* _Problem statement_: The entries below contain pictures. Retype everything except those pictures, exactly as given.

* _Supplied information_:

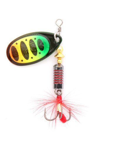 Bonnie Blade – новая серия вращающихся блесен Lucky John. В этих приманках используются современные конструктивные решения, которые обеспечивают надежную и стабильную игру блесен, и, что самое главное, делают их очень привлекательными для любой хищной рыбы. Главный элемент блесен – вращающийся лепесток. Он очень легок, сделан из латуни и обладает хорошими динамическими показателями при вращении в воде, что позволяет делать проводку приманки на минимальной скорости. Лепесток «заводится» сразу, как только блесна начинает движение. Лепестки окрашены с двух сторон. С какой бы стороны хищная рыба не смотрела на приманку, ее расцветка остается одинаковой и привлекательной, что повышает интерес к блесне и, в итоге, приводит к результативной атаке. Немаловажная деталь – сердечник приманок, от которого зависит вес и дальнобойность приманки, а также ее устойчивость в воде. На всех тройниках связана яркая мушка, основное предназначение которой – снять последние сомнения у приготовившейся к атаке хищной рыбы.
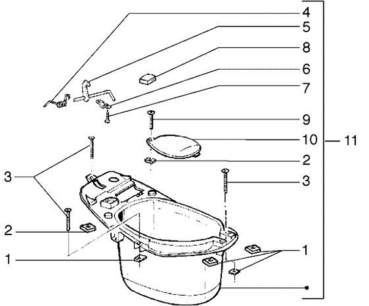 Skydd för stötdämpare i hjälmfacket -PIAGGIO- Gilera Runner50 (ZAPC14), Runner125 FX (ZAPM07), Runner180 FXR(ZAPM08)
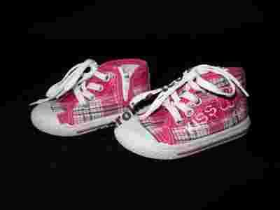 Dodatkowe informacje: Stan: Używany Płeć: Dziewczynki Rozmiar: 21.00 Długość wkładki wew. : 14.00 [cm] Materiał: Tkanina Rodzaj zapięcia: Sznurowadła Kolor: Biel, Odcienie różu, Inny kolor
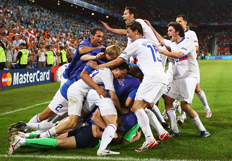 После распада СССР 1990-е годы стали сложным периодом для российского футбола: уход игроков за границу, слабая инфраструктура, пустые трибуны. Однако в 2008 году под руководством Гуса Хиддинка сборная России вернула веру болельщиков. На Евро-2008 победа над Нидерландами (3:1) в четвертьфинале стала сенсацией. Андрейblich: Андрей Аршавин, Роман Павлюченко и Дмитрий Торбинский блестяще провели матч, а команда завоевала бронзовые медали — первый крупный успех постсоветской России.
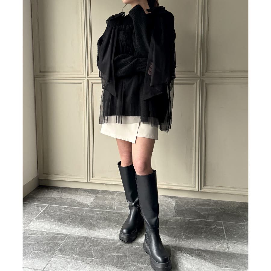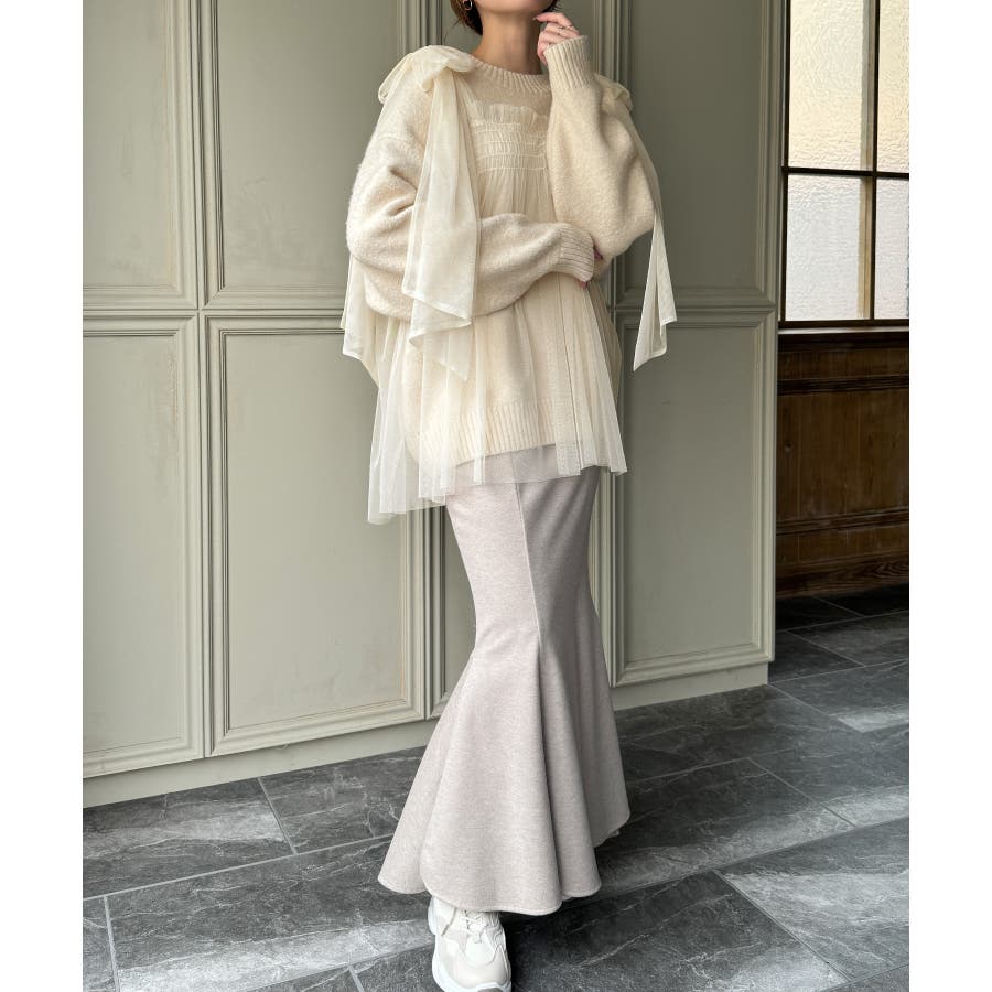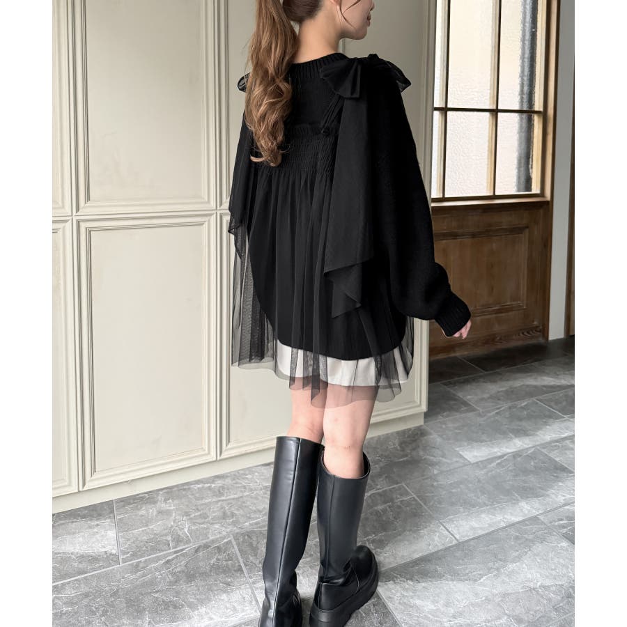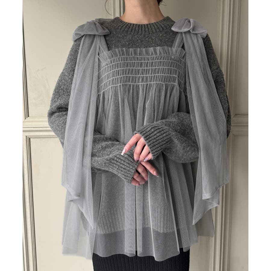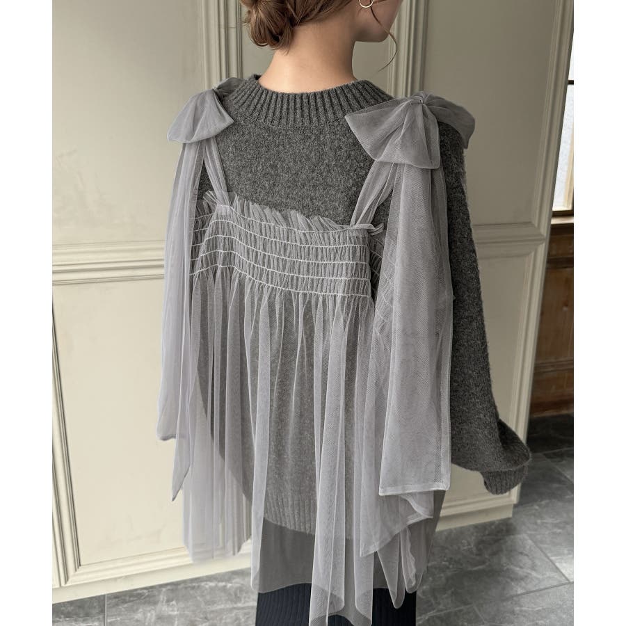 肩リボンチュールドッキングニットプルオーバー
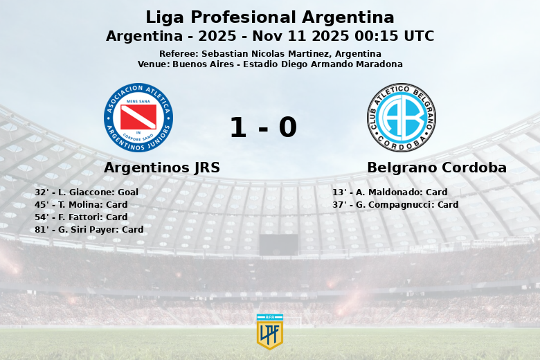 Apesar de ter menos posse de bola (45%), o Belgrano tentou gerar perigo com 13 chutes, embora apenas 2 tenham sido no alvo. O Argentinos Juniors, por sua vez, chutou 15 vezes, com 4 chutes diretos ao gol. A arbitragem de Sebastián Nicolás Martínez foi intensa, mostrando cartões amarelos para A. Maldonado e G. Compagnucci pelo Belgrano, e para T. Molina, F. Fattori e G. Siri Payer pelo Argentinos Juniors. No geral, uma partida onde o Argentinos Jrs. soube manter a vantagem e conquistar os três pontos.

* _Response area_:
 Bonnie Blade – новая серия вращающихся блесен Lucky John. В этих приманках используются современные конструктивные решения, которые обеспечивают надежную и стабильную игру блесен, и, что самое главное, делают их очень привлекательными для любой хищной рыбы. Главный элемент блесен – вращающийся лепесток. Он очень легок, сделан из латуни и обладает хорошими динамическими показателями при вращении в воде, что позволяет делать проводку приманки на минимальной скорости. Лепесток «заводится» сразу, как только блесна начинает движение. Лепестки окрашены с двух сторон. С какой бы стороны хищная рыба не смотрела на приманку, ее расцветка остается одинаковой и привлекательной, что повышает интерес к блесне и, в итоге, приводит к результативной атаке. Немаловажная деталь – сердечник приманок, от которого зависит вес и дальнобойность приманки, а также ее устойчивость в воде. На всех тройниках связана яркая мушка, основное предназначение которой – снять последние сомнения у приготовившейся к атаке хищной рыбы.
 Skydd för stötdämpare i hjälmfacket -PIAGGIO- Gilera Runner50 (ZAPC14), Runner125 FX (ZAPM07), Runner180 FXR(ZAPM08)
 Dodatkowe informacje: Stan: Używany Płeć: Dziewczynki Rozmiar: 21.00 Długość wkładki wew. : 14.00 [cm] Materiał: Tkanina Rodzaj zapięcia: Sznurowadła Kolor: Biel, Odcienie różu, Inny kolor
 После распада СССР 1990-е годы стали сложным периодом для российского футбола: уход игроков за границу, слабая инфраструктура, пустые трибуны. Однако в 2008 году под руководством Гуса Хиддинка сборная России вернула веру болельщиков. На Евро-2008 победа над Нидерландами (3:1) в четвертьфинале стала сенсацией. Андрейblich: Андрей Аршавин, Роман Павлюченко и Дмитрий Торбинский блестяще провели матч, а команда завоевала бронзовые медали — первый крупный успех постсоветской России.
 肩リボンチュールドッキングニットプルオーバー
 Apesar de ter menos posse de bola (45%), o Belgrano tentou gerar perigo com 13 chutes, embora apenas 2 tenham sido no alvo. O Argentinos Juniors, por sua vez, chutou 15 vezes, com 4 chutes diretos ao gol. A arbitragem de Sebastián Nicolás Martínez foi intensa, mostrando cartões amarelos para A. Maldonado e G. Compagnucci pelo Belgrano, e para T. Molina, F. Fattori e G. Siri Payer pelo Argentinos Juniors. No geral, uma partida onde o Argentinos Jrs. soube manter a vantagem e conquistar os três pontos.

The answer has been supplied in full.